[DATA EXCERPTS Boundary: Start]

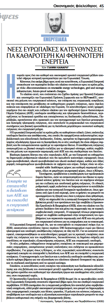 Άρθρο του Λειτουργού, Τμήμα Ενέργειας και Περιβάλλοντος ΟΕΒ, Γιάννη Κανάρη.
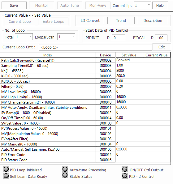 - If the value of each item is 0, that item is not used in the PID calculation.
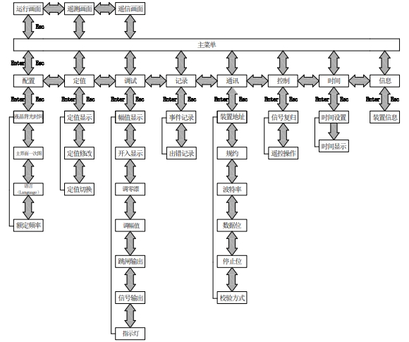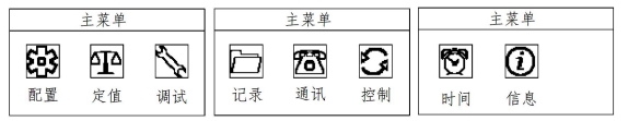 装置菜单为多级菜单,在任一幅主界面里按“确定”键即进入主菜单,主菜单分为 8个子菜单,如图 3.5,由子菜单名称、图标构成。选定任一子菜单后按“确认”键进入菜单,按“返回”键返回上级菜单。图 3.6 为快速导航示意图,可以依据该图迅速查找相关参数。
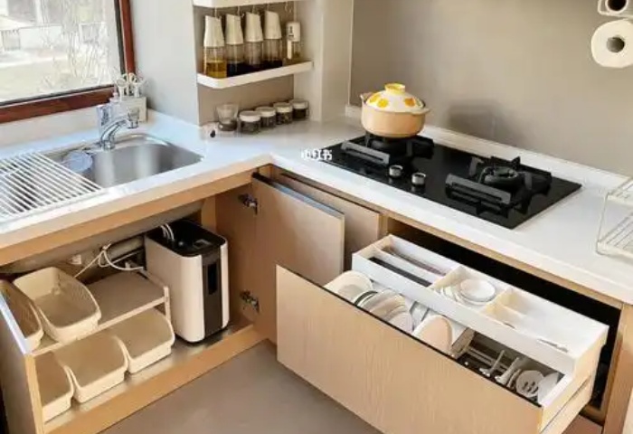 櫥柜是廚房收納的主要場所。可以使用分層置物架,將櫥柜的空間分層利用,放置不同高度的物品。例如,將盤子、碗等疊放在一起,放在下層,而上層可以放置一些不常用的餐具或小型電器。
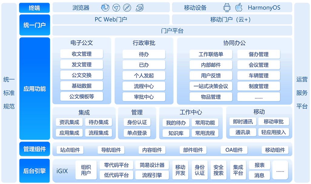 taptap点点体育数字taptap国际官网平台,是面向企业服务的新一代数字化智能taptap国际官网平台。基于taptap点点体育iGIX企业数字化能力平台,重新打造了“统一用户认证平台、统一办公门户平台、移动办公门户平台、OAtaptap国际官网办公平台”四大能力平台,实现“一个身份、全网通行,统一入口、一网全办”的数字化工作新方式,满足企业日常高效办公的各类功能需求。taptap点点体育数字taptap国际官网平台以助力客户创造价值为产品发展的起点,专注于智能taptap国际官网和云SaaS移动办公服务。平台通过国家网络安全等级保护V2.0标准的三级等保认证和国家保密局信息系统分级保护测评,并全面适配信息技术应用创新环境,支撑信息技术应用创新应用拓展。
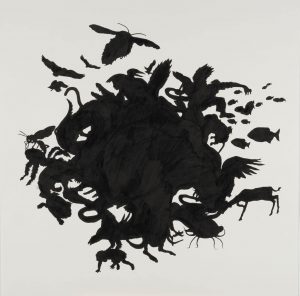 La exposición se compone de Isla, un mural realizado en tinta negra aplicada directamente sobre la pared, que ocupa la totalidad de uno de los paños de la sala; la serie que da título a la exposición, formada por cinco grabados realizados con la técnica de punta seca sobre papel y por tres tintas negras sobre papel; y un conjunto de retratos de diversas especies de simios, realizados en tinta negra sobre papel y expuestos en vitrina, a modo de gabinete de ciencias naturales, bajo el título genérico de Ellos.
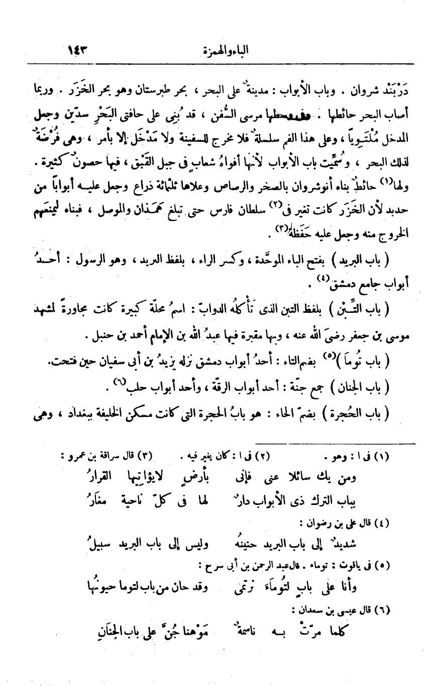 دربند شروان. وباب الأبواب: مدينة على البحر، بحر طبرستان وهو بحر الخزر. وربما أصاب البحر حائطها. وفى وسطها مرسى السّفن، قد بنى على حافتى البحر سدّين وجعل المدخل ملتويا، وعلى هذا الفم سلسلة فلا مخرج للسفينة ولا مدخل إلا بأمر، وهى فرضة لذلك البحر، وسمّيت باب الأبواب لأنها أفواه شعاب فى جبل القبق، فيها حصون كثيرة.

[DATA EXCERPTS Boundary: End]

## TRY IT
Output, exactly, all the records above; include no pictures.

## FINISHED EXERCISE
 Άρθρο του Λειτουργού, Τμήμα Ενέργειας και Περιβάλλοντος ΟΕΒ, Γιάννη Κανάρη.
 - If the value of each item is 0, that item is not used in the PID calculation.
 装置菜单为多级菜单,在任一幅主界面里按“确定”键即进入主菜单,主菜单分为 8个子菜单,如图 3.5,由子菜单名称、图标构成。选定任一子菜单后按“确认”键进入菜单,按“返回”键返回上级菜单。图 3.6 为快速导航示意图,可以依据该图迅速查找相关参数。
 櫥柜是廚房收納的主要場所。可以使用分層置物架,將櫥柜的空間分層利用,放置不同高度的物品。例如,將盤子、碗等疊放在一起,放在下層,而上層可以放置一些不常用的餐具或小型電器。
 taptap点点体育数字taptap国际官网平台,是面向企业服务的新一代数字化智能taptap国际官网平台。基于taptap点点体育iGIX企业数字化能力平台,重新打造了“统一用户认证平台、统一办公门户平台、移动办公门户平台、OAtaptap国际官网办公平台”四大能力平台,实现“一个身份、全网通行,统一入口、一网全办”的数字化工作新方式,满足企业日常高效办公的各类功能需求。taptap点点体育数字taptap国际官网平台以助力客户创造价值为产品发展的起点,专注于智能taptap国际官网和云SaaS移动办公服务。平台通过国家网络安全等级保护V2.0标准的三级等保认证和国家保密局信息系统分级保护测评,并全面适配信息技术应用创新环境,支撑信息技术应用创新应用拓展。
 La exposición se compone de Isla, un mural realizado en tinta negra aplicada directamente sobre la pared, que ocupa la totalidad de uno de los paños de la sala; la serie que da título a la exposición, formada por cinco grabados realizados con la técnica de punta seca sobre papel y por tres tintas negras sobre papel; y un conjunto de retratos de diversas especies de simios, realizados en tinta negra sobre papel y expuestos en vitrina, a modo de gabinete de ciencias naturales, bajo el título genérico de Ellos.
 دربند شروان. وباب الأبواب: مدينة على البحر، بحر طبرستان وهو بحر الخزر. وربما أصاب البحر حائطها. وفى وسطها مرسى السّفن، قد بنى على حافتى البحر سدّين وجعل المدخل ملتويا، وعلى هذا الفم سلسلة فلا مخرج للسفينة ولا مدخل إلا بأمر، وهى فرضة لذلك البحر، وسمّيت باب الأبواب لأنها أفواه شعاب فى جبل القبق، فيها حصون كثيرة.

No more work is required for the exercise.